その距離を、気候も文化も異なる地への出立を促した傷を、想像して切なくなります。
移住後はポーランドへ戻ることもなく、ポーランドと口にすることもなく生きてきたものの、娘たちに老人ホームへ入れられる段になって、ポーランドの友人と交わした約束が去来し、発作的にポーランドへと旅立ちます。
ドイツ乗り換えはもってのほかなのでマドリードから電車でポーランドを目指します。
マドリードではホテルで所持金を盗まれてしまって大ショック!
ホテルの支配人女性と飛行機で隣に座った青年が助けてくれて、マドリードにいるが喧嘩別れした末娘に資金援助をイヤイヤ頼みにいきます。
末娘、態度は硬いですが左腕に6桁くらいの数字のタトゥーを入れていて、アブラハムに見られてしゃっと隠します。
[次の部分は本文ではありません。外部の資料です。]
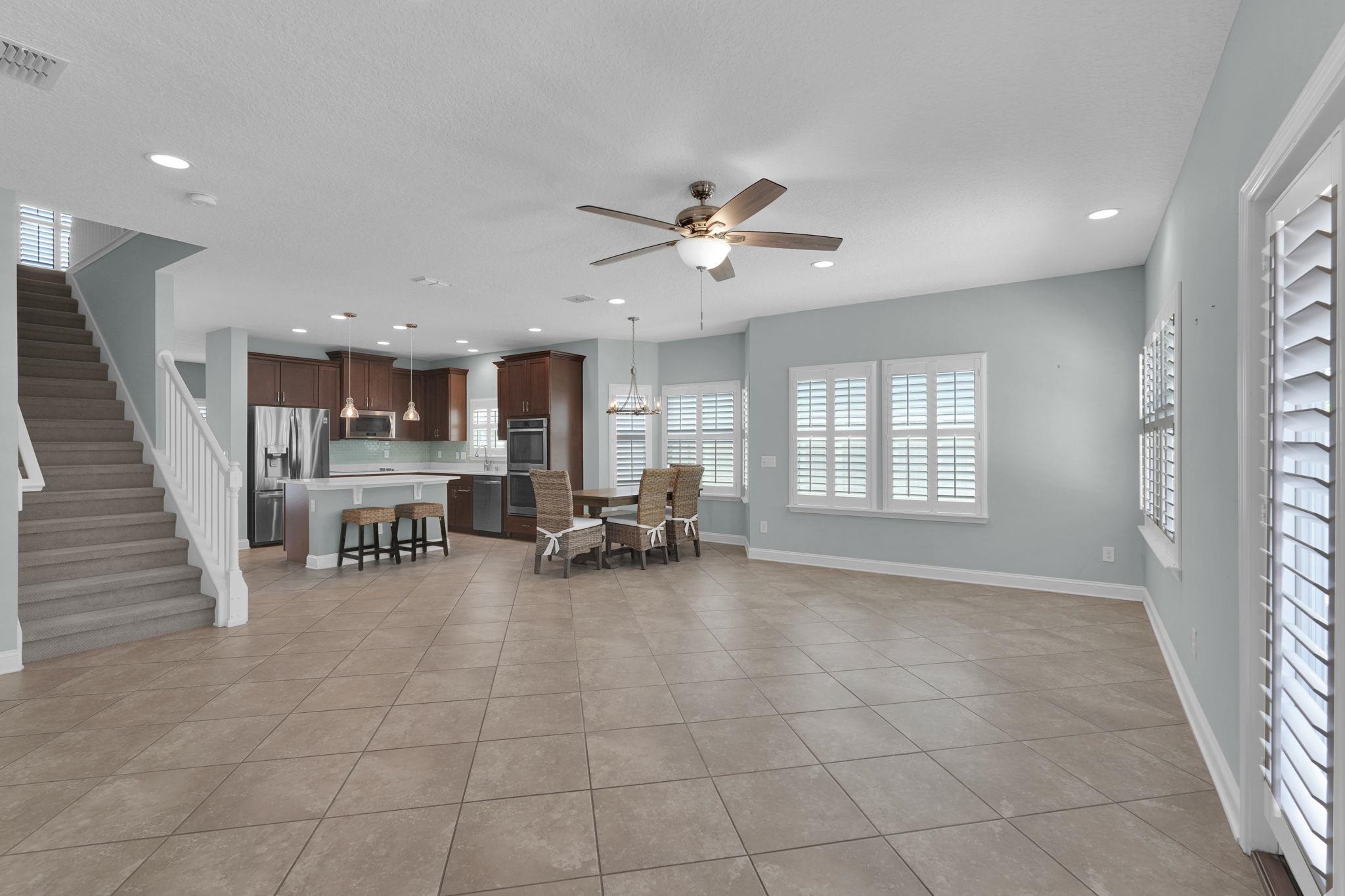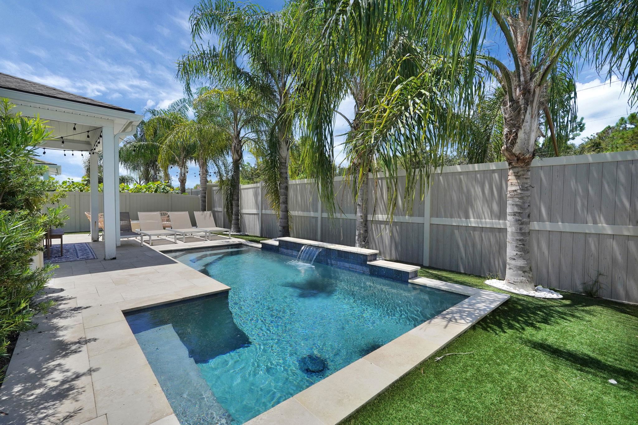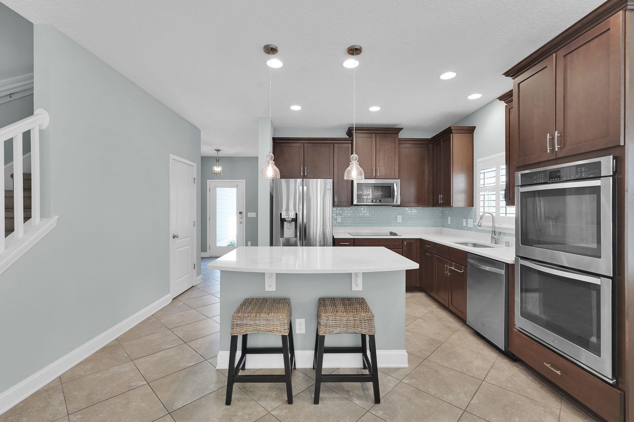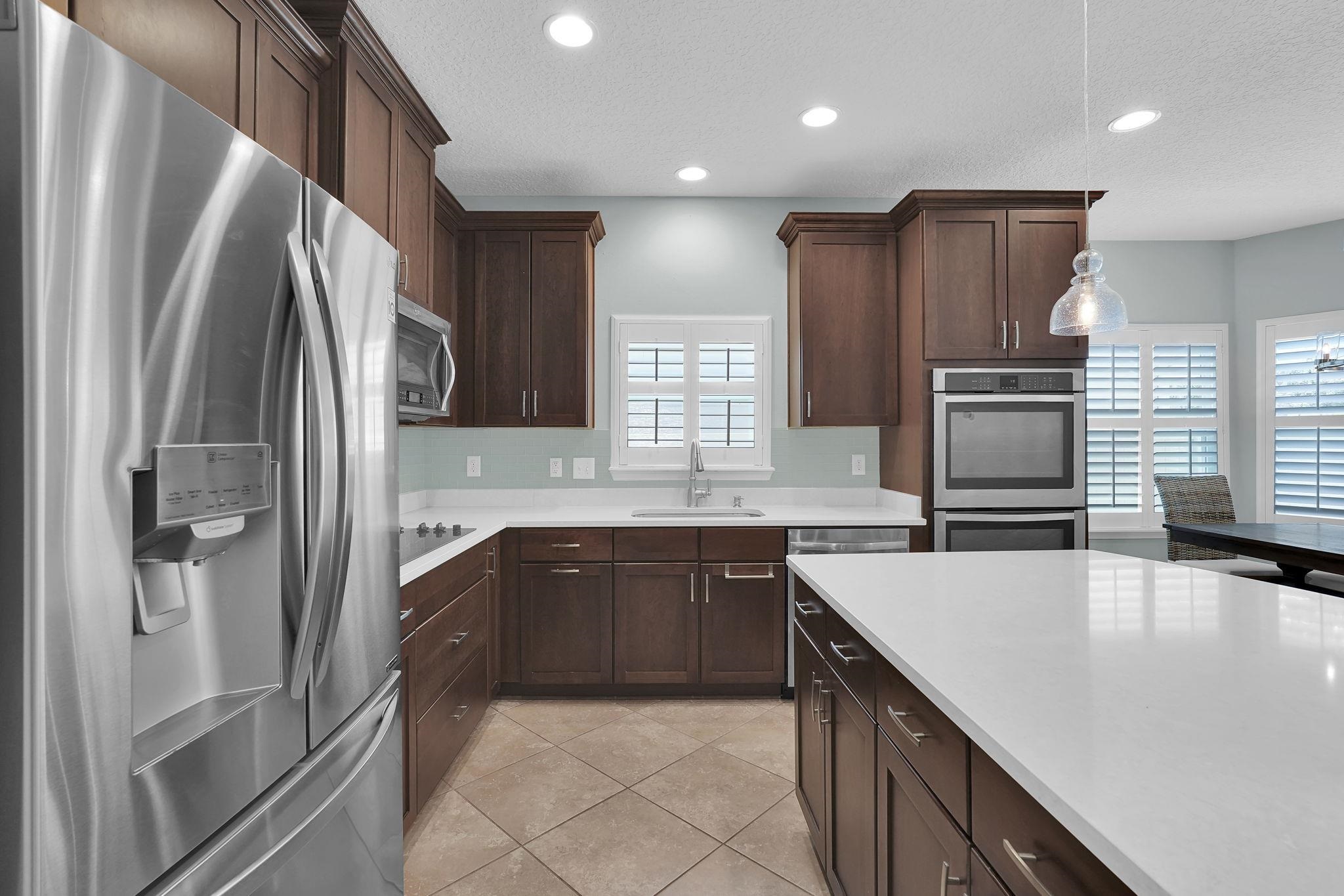 LOCATION, LOCATION! This coastal inspired home boasts four bedrooms, three and a half bathrooms and over 2, 900 sf of living space. The kitchen features quartz countertops, oversized floating island, 42' cabinets and upgraded stainless steel appliances. Light and bright living area with french doors leading to a pool oasis backyard with turf and palm trees. Extended oversize two car garage perfect for larger vehicles and additional storage. Downstairs master suite has his/her's vanities, garden tub and shower and a deep walk in closet with custom shelving. Upstairs you will find huge loft with a custom built entertainment space, three spacious bedrooms, two full baths and a laundry room (Washer/Dryer included!) with built-ins. This island oasis will is a must see!

おわかりの方にはみなまでゆうな、無粋ぞとたしなめられそうですが、いっちゃいます。
あの数字はナチスが強制収容所に連行したユダヤ人やその他の人々に入れた「囚人番号」で、当然アブラハムにもあります。
末娘さんは父の悲しい過去を自分の体に刻んでいた、というわけです。
おそらくこの末娘が一番深く強く父を愛したという証ではないかと思わせるシーンです。
その後列車でフランスについて、ドイツを通らずポーランドに行きたいと駅員に筆談とスペイン語で言います。
ドイツもポーランドも口にしたくないから文字で示し、ドイツに立ち入りたくないからドイツを避けたルートを出せという。
望む案内はしてもらえずふてくされていると、女性がスペイン語で助けを申し出てくれる。
この女性はドイツ人で、スペイン語もイディッシュ語も話せる。ホロコースト被害者への贖罪の気持ちがある人です。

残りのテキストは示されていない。